Karena mencela, karena berpisah atau karena telah menjelaskannya kepada orang lain. Mereka merasa seperti mengkhianati pasangannya. Hal ini akan menjadi salah satu elemen yang membuat banyak perempuan korban kekerasan gender menarik kembali pengaduannya. Mereka merasa bersalah karena berbicara buruk tentang dia, meskipun mereka akhirnya menjelaskan apa yang terjadi. Selain itu, perempuan yang telah lama menjadi korban kekerasan gender dapat datang untuk mengintegrasikan ide dan pesan yang mereka terima dari penyerang. Mereka akhirnya menjadi apa yang diinginkan si penyerang.

7. Gangguan lampiran

Kesulitan mempercayai orang lain adalah hal biasa, mereka merasa tidak layak untuk dicintai atau dihormati, mereka menjaga jarak dari lingkungan karena takut menderita lagi, mereka menganggap lingkungan sebagai ancaman ...

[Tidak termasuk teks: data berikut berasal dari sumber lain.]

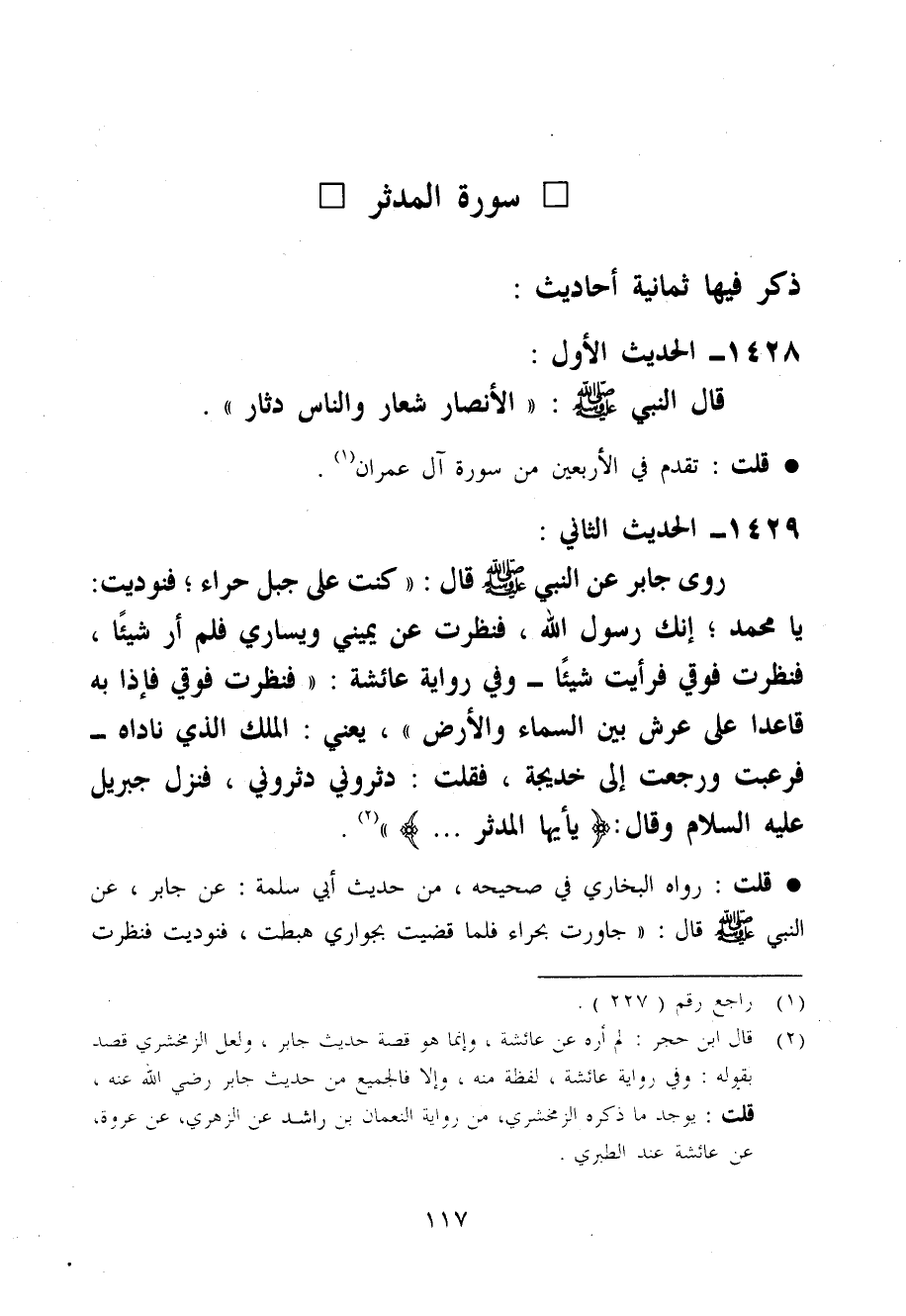 رَوَى جَابر عَن النَّبِي صَلَّى اللَّهُ عَلَيْهِ وَسَلَّم َ قَالَ كنت عَلَى جبل حراء فنوديت يَا مُحَمَّد إِنَّك رَسُول الله فَنَظَرت عَن يَمِيني ويساري فَلم أر شَيْئا فَنَظَرت فَوقِي فَرَأَيْت شَيْئا وَفِي رِوَايَة عَائِشَة فَنَظَرت فَوقِي فَإِذا بِهِ قَاعِدا عَلَى عرش بَين السَّمَاء وَالْأَرْض يَعْنِي الْملك الَّذِي ناداه فَرُعِبْت وَرجعت إِلَى خَدِيجَة فَقلت دَثرُونِي دَثرُونِي فَنزل جِبْرِيل عَلَيْهِ السَّلَام وَقَالَ يَا أَيهَا المدثر ...

Di atas segalanya, ambivalensi afektif muncul: mereka tidak dapat memberi diri mereka "kemewahan" untuk memberikan diri mereka sepenuhnya dengan tulus dan terbuka untuk orang-orang yang menunjukkan kasih sayang kepada mereka, karena di masa lalu mereka melakukannya dan konsekuensinya adalah mengerikan. Dalam beberapa cara mereka mencoba untuk melindungi dari situasi kekerasan di masa depan. Situasi ambivalensi ini juga terjadi pada agresor, karena di salah satu bagian dari siklus kekerasan agresor meminta maaf kepada mereka (bulan madu: mereka merasa kasih sayang terhadapnya dan menganggapnya sebagai seseorang yang layak dicintai) dan pada fase berikut fase akumulasi ketegangan dan ledakan kembali (mereka merasa benci terhadap dia).

Referensi bibliografi:

  • Lorente Acosta, Miguel. (2009). Suami saya memukuli saya hal yang biasa: agresi terhadap istri. Fakta dan mitos. Planet: Barcelona.

  • Echebura, E., dan De Corral, P. (1998). Buku panduan kekerasan keluarga. Abad XXI Spanyol: Madrid.

  • Sekolah Tinggi Psikologi Resmi Gipuzkoa (2016). Manual Perhatian Psikologis untuk korban pelecehan seksis.

8 Psikolog Terbaik di Puerto Bans (Marbella)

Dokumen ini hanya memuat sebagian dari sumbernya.